Why Cruise Line Stocks Are Ignoring a Big Sell Rating
If there is one aspect of the travel industry that may take a very long time to fully recover, it has to be the cruise lines. Cruises already were not universally adored as a travel venue before the novel coronavirus turned into the COVID-19 pandemic. Many people still want to go on cruises, but there are many travelers who will simply too scared to travel due to many realistic fears of catching a virus or fears of their boat being quarantined with no ports willing to accept them.
A research note from Morgan Stanley questions whether the cruise lines have raised enough capital in recent weeks and months now that their business models were gutted in the dual impact of the recession and the health concerns in a pandemic. While this is effectively nothing less than a “Sell” rating, the shares of main cruise line operators were surging on Wednesday.
While most analyst calls are easy to pick out at least some parts of the report, one aspect that is very hard to argue against is what amount of recovery is enough. With these stocks having more than doubled from their mid-March closing lows, this seems like a fair enough opportunity to lock in at least part of the gains that have been made.
The major cruise lines have collectively raised billions of dollars since the coronavirus, but it is rather evident that the industry is being deemed the one niche within tourism that will take the longest to recover. After all, the Centers for Disease Control have a “No Sail Order” until July 24, 2020. Morgan Stanley’s report even showed how Canada has a ban on cruise ships with more than 100 people until November of this year.
Jamie Rollo, the analyst behind the call, sees operating losses for the foreseeable future. The companies are also expected to have a high level of capital spending that will make their leverage look unsustainably high. All in all, Morgan Stanley is telling its customers that they should sell into what has been a 100% rally from the bottom in the key cruise line stocks.
In this same call, Norwegian Cruise Line Holdings Ltd. (NASDAQ: NCLH) was downgraded to Underweight from Equal Weight. That is their equivalent of a “Sell” rating at other brokerage firms.
While the report may fly in the face of the recent capital raises, this was also the same time that Carnival announced that its P&O Cruises line would be extending the opening of operations out to October 15 due to weakness and issues around the COVID-19 pandemic. A message from the company noted that there are health and sanitation protocols to consider, as well as proper screening plans prior to boarding and how best to serve meals and drinks. The namesake Carnival line is opening back up just eight of its own ships, with sailings starting on August 1.
International travel effectively is still shut down. The health screening and health issues on a cruise ship are also ongoing risks. Hence, the quarantine risks. One outbreak on even a single ship could create another systemwide shutdown. Cruise lines are expected to post wide losses in 2020 and to see more or less break-even results in 2021 in a transition period. Morgan Stanley even noted that earnings before interest, taxes, depreciation and amortization (EBITDA) in the industry may only reach 80% to 90% of levels seen in 2019.
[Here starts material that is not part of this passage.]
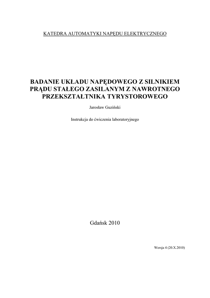KATEDRA AUTOMATYKI NAPĘDU ELEKTRYCZNEGO BADANIE UKŁADU NAPĘDOWEGO Z SILNIKIEM PRĄDU STAŁEGO ZASILANYM Z NAWROTNEGO PRZEKSZTAŁTNIKA TYRYSTOROWEGO Jarosław Guziński Instrukcja do ćwiczenia laboratoryjnego Gdańsk 2010 Wersja 4 (20.X.2010) 1. Cel ćwiczenia Celem ćwiczenia jest zapoznanie się z działaniem układu regulacji prędkości kątowej silnika obcowzbudnego prądu stałego zasilanego z tyrystorowego przekształtnika nawrotnego, przeprowadzenie procedury strojenia regulatorów na obiekcie rzeczywistym oraz przeprowadzenie analizy układu. 2. Wstęp W regulowanych układach napędowych silniki prądu stałego są przeważnie zasilane z przekształtników sterowanych tyrystorowych (PS) o komutacji sieciowej. Poprzez zmianę kąta wysterowania tyrystorów, wpływa się na wartość (i kierunek) napięcia na wyjściu przekształtnika i umożliwia jego płynną regulację. Ponadto PS umożliwia, w pewnych warunkach, dwukierunkowy przepływ energii co pozwala na hamowanie elektryczne silnika i zwrot energii hamowania do źródła. W regulowanym napędzie z maszyną prądu stałego przekształtniki wykorzystywane są do zasilania obwodu twornika silnika oraz, w układach dwustrefowej regulacji prędkości, do zasilania obwodu wzbudzenia silnika. Dzięki zastosowaniu odpowiedniego układu regulacji możliwa jest płynna regulacja prędkości i innych wymaganych w układzie napędowym wielkości jak np. momentu obrotowego oraz uzyskanie pożądanych właściwości dynamicznych (czasu rozruchu, przeregulowania, itp.). Układ regulacji umożliwia odpowiednie kształtowanie charakterystyk mechanicznych silnika zapewniając, np. przy sprzężeniu prędkościowym uzyskanie sztywnych charakterystyk mechanicznych. W układach napędowych prądu stałego stosuje się najczęściej strukturę szeregową (kaskadową) regulatora prędkości z podporządkowanym regulatorem prądu twornika. 3. Tyrystorowy przekształtnik nawrotny W napędach prądu stałego większej mocy przeważnie stosuje się prostowniki trójfazowe w pełni sterowane typu 6T- rys. 1. Rys. 1. Prostownik 6T zasilający twornik silnika prądu stałego Układ z rys. 1 jest układem dwukwadrantowym tj. zapewniającym pracę silnikową i prądnicową maszyny przy jednym kierunku wirowania. Zmiana kierunku obrotów silnika w takim układzie wiąże się z koniecznością przełączenia zacisków obwodu twornika lub obwodu wzbudzenia maszyny. Płynna zmiana kierunku obrotów jest możliwa do uzyskania przy zastosowaniu prostownika rewersyjnego (nawrotnego, dwukierunkowego) złożonego z dwóch prostowników 6T - rys. 2. Rys. 2. Przekształtnik nawrotny z dławikiem wyrównawczym Przekształtnik rewersyjny może pracować przy równoczesnym wysterowaniu tyrystorów obu prostowników 6T lub przy sterowaniu naprzemiennym. W pierwszym przypadku jeden z układów znajduje się w zakresie pracy prostownikowej a drugi w zakresie pracy falownikowej. Pomimo tych samych wartości średnich napięć pomiędzy obydwoma układami występuje różnica wartości chwilowych napięć. Różnica ta powoduje przepływ prądu wyrównawczego, którego wartość musi być ograniczona przez wprowadzenie dławika wyrównawczego Lw. Układ z dławikiem wyrównawczym umożliwia płynną zmianę kierunku prądu płynącego przez obciążenie co zapewnia dużą dynamikę układu. Rozwiązanie to jest stosowane dla mniejszych mocy, w których jest możliwy do przyjęcia przepływ prądu wyrównawczego. W układach większej mocy stosowane jest sterowanie naprzemienne obu prostowników. W danej chwili podawane są impulsy sterujące jedynie na tyrystory jednego mostka. Takie sterowanie eliminuje występowanie prądu wyrównawczego ale pogarsza nieznacznie dynamikę układu. W układzie pracującym bez prądu wyrównawczego przy zmianie kierunku prądu obciążenia i przy zmianie pracującego przekształtnika, konieczne jest bowiem wprowadzenie krótkiej przerwy bezprądowej (rzędu paru ms) zapewniającej zanik prądu obciążenia i wyłączenie tyrystorów dotychczas pracującego przekształtnika.. Schemat układu bez dławika wyrównawczego przedstawiono na rys. 2. P1 α P2 β M Rys. 3. Przekształtnik nawrotny bez dławika wyrównawczego Obszary pracy dla przekształtnika nawrotnego przedstawiono w układzie współrzędnych (Id, Ud) na rys. 4. Rys. 4. Obszary pracy przekształtnika nawrotnego w układzie współrzędnych (Id,Ud) 4. Ogólna struktura układu regulacji Prędkość kątowa maszyny prądu stałego w stanie ustalonym okreslona jest zależnością: U Rt ω = t −M 2 cΨ f ( cΨ ) f gdzie Ut oznacza napięcie twornika, Rt rezystancję twornika, Ψf strumień wzbudzenia, c stałą konstrukcyjną a M moment obciążenia. Z równania tego wynika że prędkość kątowa zależy od napięcia twornika i strumienia (prądu) wzbudzenia. Zmiana napięcia twornika w zakresie ±Ut pozwala na regulację prędkości w zakresie ±ωn, z kolei zmniejszenie strumienia umożliwia zwiększenie zakresu regulacji prędkości (praca w drugiej strefie). Struktura układu regulacji prędkości maszyny prądu stałego składa się z układu sterowania napięciem obwodu twornika oraz w przypadku napędu dwustrefowego także z układu regulacji prądu wzbudzenia. Poniżej na rys. 5 pokazano strukturę układu regulacji prędkości napędu jednostrefowego tzn. przy stałej wartości prądu wzbudzenia. Rys. 5. Układ regulacji o strukturze szeregowej Układ regulacji prędkości kątowej maszyny prądu stałego składa się z połączonych kaskadowo regulatorów PI prędkości i prądu twornika. Regulator prądu twornika jest stosowany ze względu na konieczność ograniczania prądu twornika i kontrolowania w stanach przejściowych. Jest to podstawowa struktura nie uwzględniająca elementów dodatkowych jak np. układu sterowania przekształtnikiem lub w napędzie nawrotnym, przekształtnikami. W obwodzie nadrzędnym regulator prędkości Rω na podstawie różnicy sygn

Many investors may wonder why these stocks are all trading higher despite a prominent analyst report suggesting that the main companies all need to be sold. The reality is that the stock market tries to discount the news of today with an outlook that is perhaps six months out, or even longer in many cases. Right now is a time when “the reopening of the economy” stocks are being given more upside ahead than the “safety stocks.” We have identified the 40 COVID-19 safety stocks as a barometer for when things change.
Carnival shares have risen more than 110% and Royal Caribbean’s shares have risen more than 150% from their lowest closing prices in mid-March.
Shares of Norwegian Cruise Line had the lowest close of $7.77 on March 18, and there were only four days in mid-March (and three days at the start of April) that the shares traded under $10 at the close. Now the shares have challenged $18, and the strength in the market has even allowed the stock to rise despite the equivalent of a “Sell” rating. Norwegian’s 52-week trading range is $7.03 to $59.78.